The range runs from the line containing "Open magazine showcasing" to the last line of the entries. Copy that range exactly, omitting pictures.

─── Dataset records ───

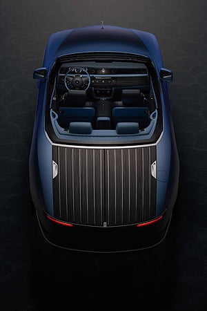 Inuti däcket finns dubbla kylskåp som kan förvara två flaskor champagne, där även fyra glas, servetter och andra tillbehör får plats. Två pallar som är designade av Rolls-Royce och tillverkades av den italienska möbeltillverkaren Promemoria matchar bilen medföljer.
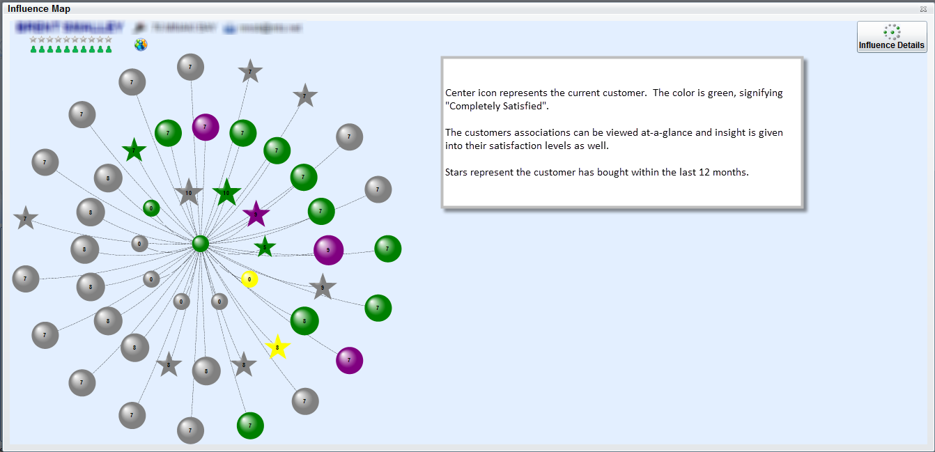 Click the Stars while viewing any customer profile to view more details about their Influence Network.
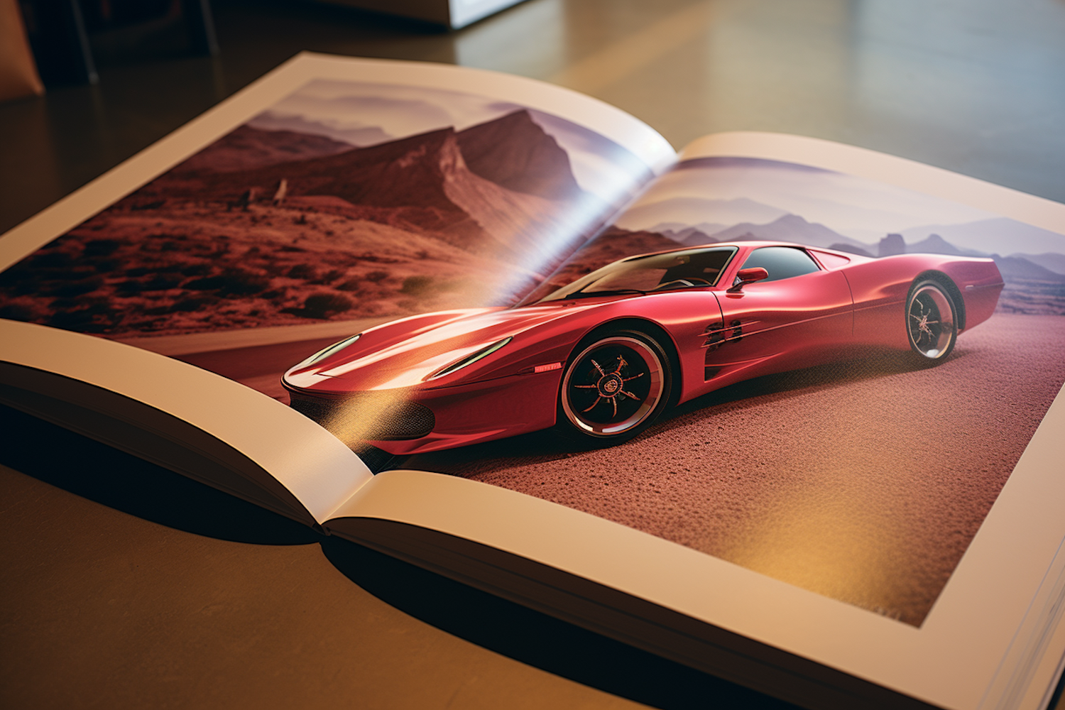 Open magazine showcasing a sleek red sports car on a desert road with mountains in the background, highlighting speed and adventure.
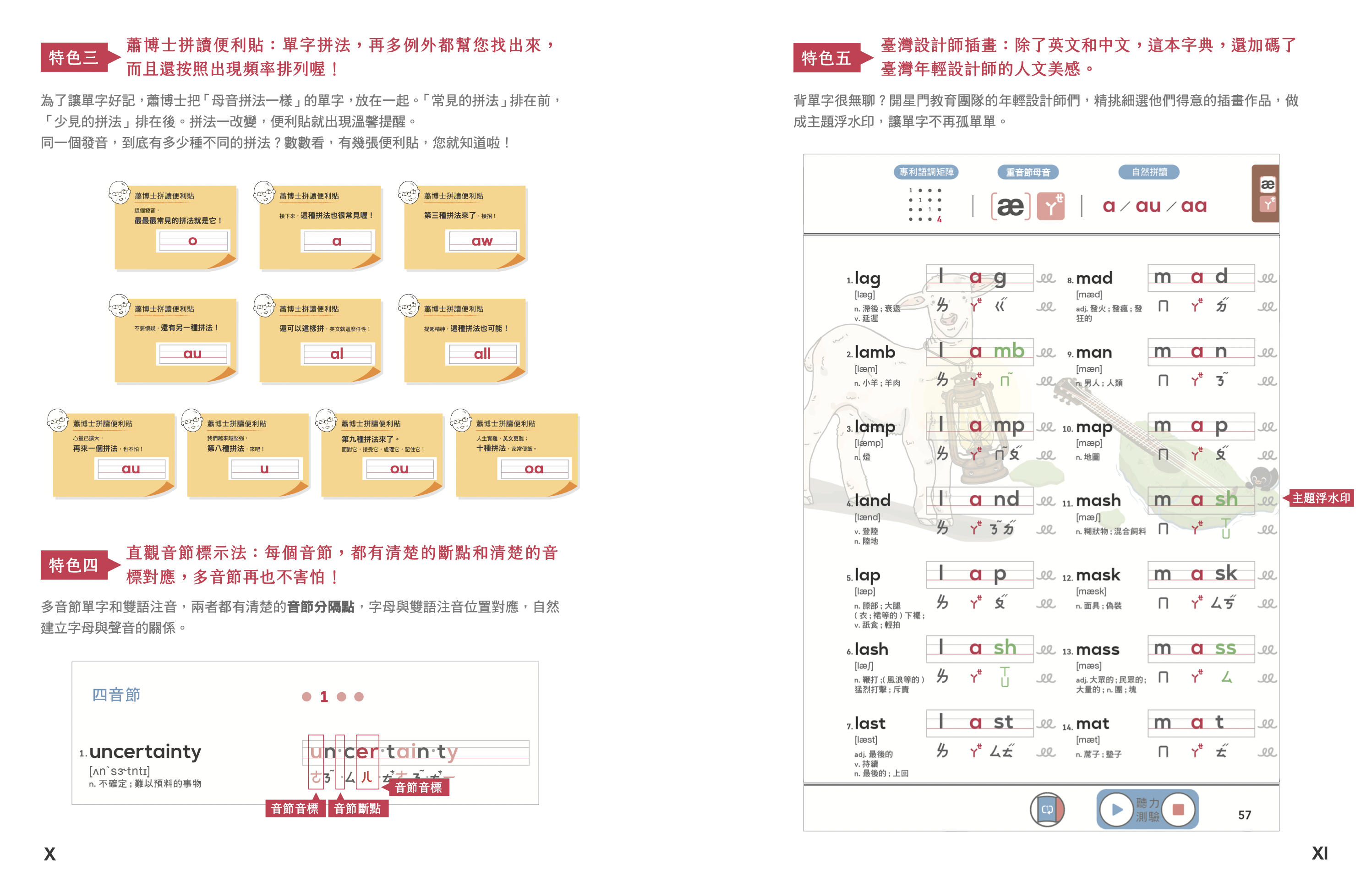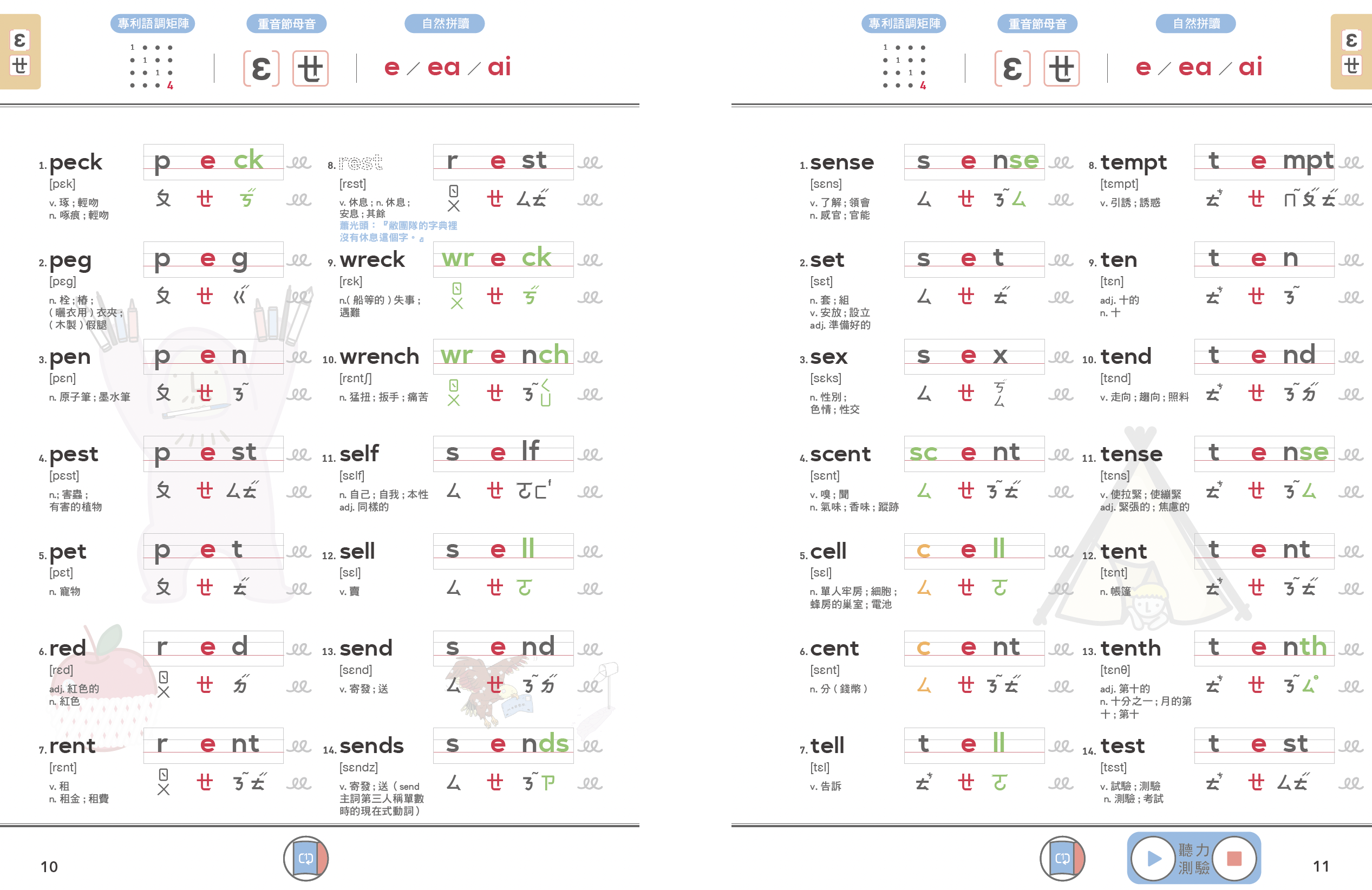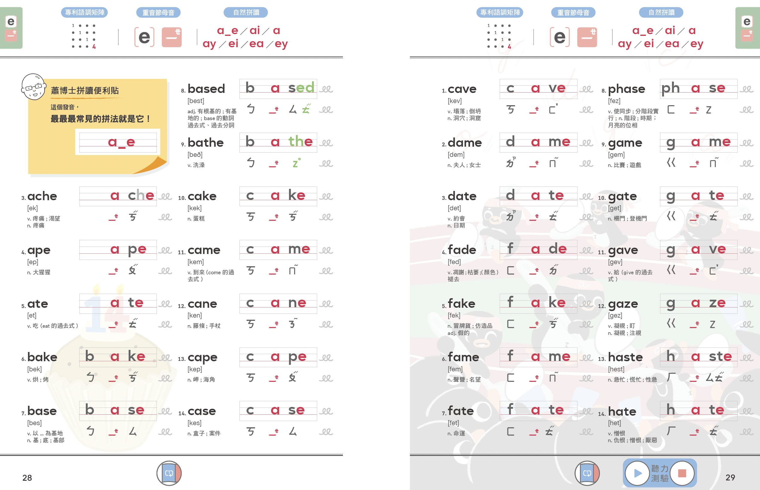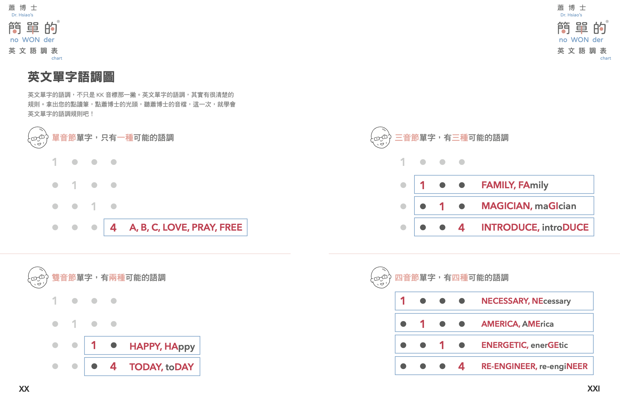 蕭博士用心研發,將單字好好收納,從單音節到多音節、從簡單到複雜、從規律到例外,循序漸進地排列。臺灣孩子只要從第一個字、唸到最後一個字,就會 Wow~ 恍然大悟,自動歸納出「自然發音 phonics」的規則。一旦內建了單字拼讀的語感,那些不在規則內的例外,也都變得簡單。
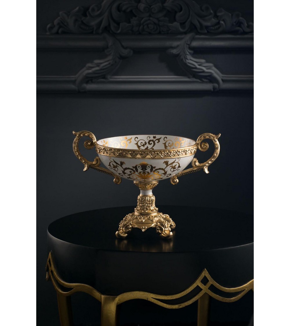 Amphora cup with handles ceramic centerpiece 28 h ivory gold vase ornament Vi35

───

Exercise answer:
 Open magazine showcasing a sleek red sports car on a desert road with mountains in the background, highlighting speed and adventure.
 蕭博士用心研發,將單字好好收納,從單音節到多音節、從簡單到複雜、從規律到例外,循序漸進地排列。臺灣孩子只要從第一個字、唸到最後一個字,就會 Wow~ 恍然大悟,自動歸納出「自然發音 phonics」的規則。一旦內建了單字拼讀的語感,那些不在規則內的例外,也都變得簡單。
 Amphora cup with handles ceramic centerpiece 28 h ivory gold vase ornament Vi35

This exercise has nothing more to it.